Randall has also had a public presence through her writing, lectures, and radio and TV appearances. Randall’s books, Warped Passages: Unraveling the Mysteries of the Universe’s Hidden Dimensions and Knocking on Heaven’s Door: How Physics and Scientific Thinking Illuminate the Universe and the Modern World were both on the New York Times’ list of 100 Notable Books of the Year. Higgs Discovery: The Power of Empty Space was released as a Kindle Single in the summer of 2012 as an update with recent particle physics developments.
Randall’s studies have made her among the most cited and influential theoretical physicists and she has received numerous awards and honors for her scientific endeavors. She is a member of the National Academy of Sciences, the American Philosophical Society, the American Academy of Arts and Sciences, was a fellow of the American Physical Society, and is a past winner of an Alfred P. Sloan Foundation Research Fellowship, a National Science Foundation Young Investigator Award, a DOE Outstanding Junior Investigator Award, and the Westinghouse Science Talent Search. Randall is an Honorary Member of the Royal Irish Academy and an Honorary Fellow of the British Institute of Physics. In 2003, she received the Premio Caterina Tomassoni e Felice Pietro Chisesi Award, from the University of Rome, La Sapienza.

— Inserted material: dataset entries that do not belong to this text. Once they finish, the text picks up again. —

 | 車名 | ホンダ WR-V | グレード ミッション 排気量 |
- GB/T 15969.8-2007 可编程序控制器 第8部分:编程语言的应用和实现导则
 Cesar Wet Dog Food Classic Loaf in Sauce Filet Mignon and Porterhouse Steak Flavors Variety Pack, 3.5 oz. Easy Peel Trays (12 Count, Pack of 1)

In 2006, she received the Klopsteg Award from the American Society of Physics Teachers (AAPT) for her lectures and in 2007 she received the Julius Lilienfeld Prize from the American Physical Society for her work on elementary particle physics and cosmology and for communicating this work to the public.
Randall has also pursued art-science connections, writing a libretto for Hypermusic: A Projective Opera in Seven Planes that premiered in the Pompidou Center in Paris and co-curating an art exhibit for the Los Angeles Arts Association, Measure for Measure, which was presented in Gallery 825 in Los Angeles, at the Guggenheim Gallery at Chapman University, and at Harvard’s Carpenter Center. In 2012, she was the recipient of the Andrew Gemant Award from the American Institute of Physics, which is given annually for significant contributions to the cultural, artistic, or humanistic dimension of physics.

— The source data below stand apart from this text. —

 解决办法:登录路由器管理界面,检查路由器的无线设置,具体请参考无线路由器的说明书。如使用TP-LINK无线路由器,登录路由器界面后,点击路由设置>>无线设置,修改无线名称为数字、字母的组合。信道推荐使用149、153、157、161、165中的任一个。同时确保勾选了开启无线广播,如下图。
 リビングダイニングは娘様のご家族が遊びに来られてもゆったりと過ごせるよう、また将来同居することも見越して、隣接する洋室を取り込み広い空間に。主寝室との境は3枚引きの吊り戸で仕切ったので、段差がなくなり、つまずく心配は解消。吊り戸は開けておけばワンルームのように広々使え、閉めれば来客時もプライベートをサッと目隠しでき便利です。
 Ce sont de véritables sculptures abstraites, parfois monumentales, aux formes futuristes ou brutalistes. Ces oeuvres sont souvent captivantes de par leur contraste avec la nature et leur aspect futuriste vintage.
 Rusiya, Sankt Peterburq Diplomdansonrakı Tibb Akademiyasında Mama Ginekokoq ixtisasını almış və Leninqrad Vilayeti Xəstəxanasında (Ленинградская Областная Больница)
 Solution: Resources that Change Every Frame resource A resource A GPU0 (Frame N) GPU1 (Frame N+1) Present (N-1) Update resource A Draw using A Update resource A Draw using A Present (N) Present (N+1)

Professor Randall was on the list of Time Magazine's "100 Most Influential People" of 2007 and was one of 40 people featured in The Rolling Stone 40th Anniversary issue that year. Prof. Randall was featured in Newsweek's "Who's Next in 2006" as "one of the most promising theoretical physicists of her generation" and in Seed Magazine's "2005 Year in Science Icons". In 2008, Prof. Randall was among Esquire Magazine's “75 Most Influential People.”
Professor Randall earned her PhD from Harvard University and held professorships at MIT and Princeton University before returning to Harvard in 2001. She is also the recipient of honorary degrees from Brown University, Duke University, Bard College, and the University of Antwerp.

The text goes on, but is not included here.